Foreign Investment Boosts U.S. Economy

By at 24 July, 2020, 9:31 am


by Raymond J. Keating-

When economists talk about free trade and its benefits, we’re not only talking about lowering or removing barriers to selling and buying goods and services, but also reducing governmental barriers to investment.

Economic growth and development are enhanced by allowing for the efficient distribution of financial capital, based on market competition and cooperation; price, profit and loss signals; and governed ultimately by consumers. That goes for investment within nations and across borders. The benefits, including rising incomes and diminished poverty, are enjoyed far and wide.

Part of the story of foreign investment in the United States is captured by a report from the U.S. Bureau of Economic Analysis. On July 23, the BEA’s “Direct Investment by Country and Industry, 2019” report was released, and it was noted that “U.S. direct investment abroad position, or cumulative level of investment, increased $158.6 billion to $5.96 trillion at the end of 2019 from $5.80 trillion at the end of 2018.”

Meanwhile, it also was noted, “The foreign direct investment in the United States position increased $331.2 billion to $4.46 trillion at the end of 2019 from $4.13 trillion at the end of 2018.”

What is “Direct Investment” and Why it is Good

In terms of the definition of “direct investment,” the BEA explains: “Direct investment is an investment by an entity resident in one economy that represents a lasting interest, defined as 10 percent or more voting ownership, in an enterprise resident in another economy.”

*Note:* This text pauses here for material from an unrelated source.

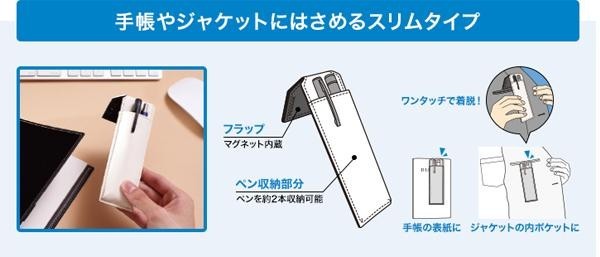 マグネットが内蔵されており、手帳やジャケットにはさめるスリムなタイプです。

So, while this is not a comprehensive measure of foreign direct investment, it is significant and worth noting.

The growth in such an investment overall was good news for the U.S. economy in 2019 and will be going forward. U.S. direct investment abroad is undertaken to enhance the performance and returns of, for example, U.S. firms, which in turn boosts, for example, U.S. workers at such businesses.

The benefits of foreign direct investment in the U.S. should be even clearer to most, with increased investment in the U.S. more directly helping to drive innovation, productivity, and economic growth forward. As the BLS report noted, for example, “Foreign direct investment in the United States was concentrated in the U.S. manufacturing sector, which accounted for 40.1 percent of the position.”

So, it is a significant positive that foreign businesses and investors see value in investing in the U.S. to the overall tune of nearly $4.5 trillion, according to this report, including growth of $331.2 billion last year.

Such valuable investment needs to be kept in mind when policymakers decide to play around of with protectionist trade policies that include governmental pressure for U.S. companies to disinvest in other nations. Retaliation from trading partners not only could include erecting barriers to U.S. goods and services, but also could features decisions that make it far more difficult for investors and businesses to invest in the U.S., or to maintain such investments.

What might that mean? Bryan Riley of the National Taxpayers Union Foundation recently summed it up this way:

“Plans to ‘bring the factories home’ come with great risks. One that is rarely mentioned is the likelihood that other countries may decide to copy this policy and ‘take the factories home.’ For the 2.6 million American manufacturing workers employed by foreign-owned companies that have built U.S. factories, this would be a devastating result.”

Free trade, regarding the buying and selling of goods and services and the free movement of investment, remains a clear and critical net positive for U.S. entrepreneurs, businesses, workers and consumers.

Raymond J. Keating is chief economist for the Small Business & Entrepreneurship Council.